Saw this picture of a rattlesnake today & it reminded me of this thread so I just had to add it.


----------



## Country Living (Dec 15, 2009)

Now, that's impressive! Was it captured anywhere around you?


----------



## tsrwivey (Dec 31, 2010)

Country Living said:


> Now, that's impressive! Was it captured anywhere around you?


No, I think it was in Midland out in west Texas, thank God! If I ever saw that thing in the wild, I wouldn't have to worry about the venom, the heart attack would get me first. Lol that thing had like 22 rattlers.


----------



## lotsoflead (Jul 25, 2010)

there are rattlers and copperheads where I live, we just keep our eyes and ears open, don't jump any logs ect, watch where we set down in the woods or pastures. snakes do not want to bite anything they can't eat and if possible they'll keep out of the way.

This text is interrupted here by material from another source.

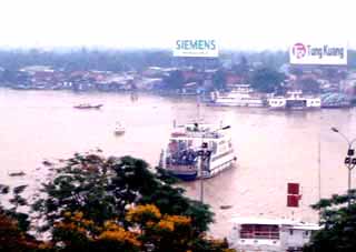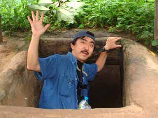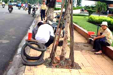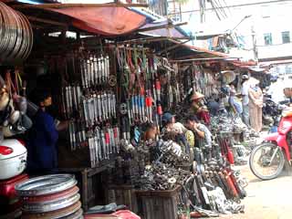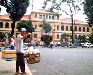 どんな旅だったか1日目(2004/8/18(水))1155 自宅発、大井町線、都営浅草線、京成線を乗り継ぎ成田へ成田エクスプレス経由の半額以下。30分ほどよけいにかかる。座席予約ができないことを除けば問題なし。実際この日は自由ヶ丘から成田まで座って行けた。 荷物は、一番小さいスーツケースとウェストポーチ。スーツケースの半分はカラ。大きめのリュック一つで足りる着替えしかないのだが、セキュリティが判らないので、ハードケースにしたのだ。 現金は300ドル。残りはcitibankのカードで賄うつもり。(別に、日本円を2万円。) 1410 成田空港着、HIS、ANAチェックイン、昼食 民営化後、初の成田空港。レストランが少し高くなったような気がする。 海外旅行のお約束、成田でまずビール一杯。この日も、鮨で一杯引っかける。 その後、yahoo!の無料インターネットカフェで時間をつぶす。中国系の人が多く使っていた。日本人は2割以下かな。 1750 搭乗 滑走路まで延々と地上を走り、実際に飛び立ったのは1840。飛行機は767-300。座席は、エコノミーの最前列、中央ブロック通路側。まずまずの位置。 となりはベトナム人のおばさん。自分の機内食をおいらに奨める。ありがたく頂き、ワインをお代わり。飛行時間は6時間程度。 飛行機の中では、ベトナムの本読んだり、映画(ザ・デー・アフター・トモロー)見たり。 2210 ホーチミンの空港着、現地は雨 飛行時間は6時間弱。定刻着。ベトナム人って、飛行機が止まらないのに、我先にと荷物を降ろして通路に並ぶ。お国柄なのかな。 ベトナムは社会主義国。くつかの旅行記に「入国審査官が偉そう、無愛想、やる気無し」とあったのでドキドキして入国審査。いつものとおりバスポートの写真(少し笑ってる)と同じ表情で審査官を見つめる。おいらの顔とパスポートを見比べて「OK、OK」とニコニコしてスタンプを押してくれた。 テロリストを水際で防ぐ仕事、しかも30年前まで戦争中。目を合わせない旅行者や列も作らないおっさんに厳しいのは当然だ。 荷物は待つこと20分、ようやく出てくる。 ベトナムの通貨はドン。1万ドンが70円ほど。空港内で50ドル分だけ両替、76万ドンほど。3万円も両替している若い女性もいたが、何に使うのだろう。 2325 ホテル着・就寝 現地ガイドとすんなり接触、バスでいくつかのホテルを回り、おいらが泊まるサイゴン川沿いのその名もRiverside Hotelに投宿。ロケーションは抜群、施設は古いが十分許容範囲。 冷蔵庫の中の缶ビール333(バーバーバー)を一本開ける。ちなみにビール1本=16,000ドン=110円、コカコーラが15,000ドン(笑) 就寝は1時、日本時間では真夜中の3時。 2日目(8/19(木))0630 起床すんなり目覚める。これも時差ボケみたいなもの。 0730 ホテル周辺を散歩 上の写真の通りの道路事情。オートバイは数も多いし、運転が荒い。オートバイは、決して安いものではなくて、HONDA(ベトナムではバイクの代名詞になっている)100ccの新車が30万円なのだそうだ。輸入車は100%関税。今は中国製も入っているそうだが、それでも4,5万円というから、生活費から考えると高価な買い物だ。 3人乗り、4人乗りはザラ。5人乗りまでいたぞ。 道ばたには、露天の修理屋が出てる。(右写真、タイヤを組み合わせたものが「ただいま修理屋開業中」の看板代わりになっているのだ。) ノー・ヘルメットは罰金2万ドンだそうだが、装着率は5%以下に見える。女性はノーヘルでも帽子、マスク(覆面)に袖まである手袋で武装。事故よりも日光が怖いのか。信号機はある。歩行者用信号など、日本のとおなじものも。しかし、それを守るわけでもなく、クルマがこなけりゃ「行って良し」という感じ。赤信号で止まっても、青になるまで待てない。最近日本で見る「信号変わるまであと何秒」の表示があったのにはビックリ。 そんなホーチミンの道路。朝夕の通勤ラッシュに渡るのは命がけ。「一生渡れないんじゃないか?」と思うくらい。最初は現地の人を楯にして歩く。これを2,3回やって気づく。走ったり、立ち止まったりしなけりゃいいのだ。 一定のペースで歩けば、クルマの方でよけてくれる。向こうはこの混沌に馴れているのであるから、お任せするのが一番。一緒になった日本人に伝授したところ、みな無事に旅を終えているので「間違いない。」 0930 ミニバスにてホテル発(1時間遅れ(汗)で1日ツアー開始) フェリーの船着き場なぞを見て8:25ホテルに戻る。この日の市内観光は8:30にロビーでピックアップのはずだが、ガイドは現れない。ベトナム時間なのだろうと、しばらく我慢。それでも来ない。15分経ち、他のツアー客もいなくなり、だんだん不安に。20分経ったところで代理店に電話。「まだ来ないぞ。」「調べるから待て。」 待つこと10分。フロントに電話。「渋滞にハマったらしい。あと15分待て。」 それなら最初にそっちから連絡すべきだろうに、こっちから連絡した電話代はこっち持ち。100円くらいだろうけど納得いかない。(納得いかないと言えば、この日チェッ

spiders are another danger, last week one of my sons was bitten at his job and within a couple hrs, his wrist was swollen up, he works at a place where people who are parole violators or waiting for court are held so there is a nurse on duty, he went to her in the morning and she sent him to the ER in the next town, at the ER they just gave him a couple prescriptions for pain and antibiotics and sent him home, no x-rays or trying to figure out what the bite was. now, 9 days later the wrist is almost normal but still sore.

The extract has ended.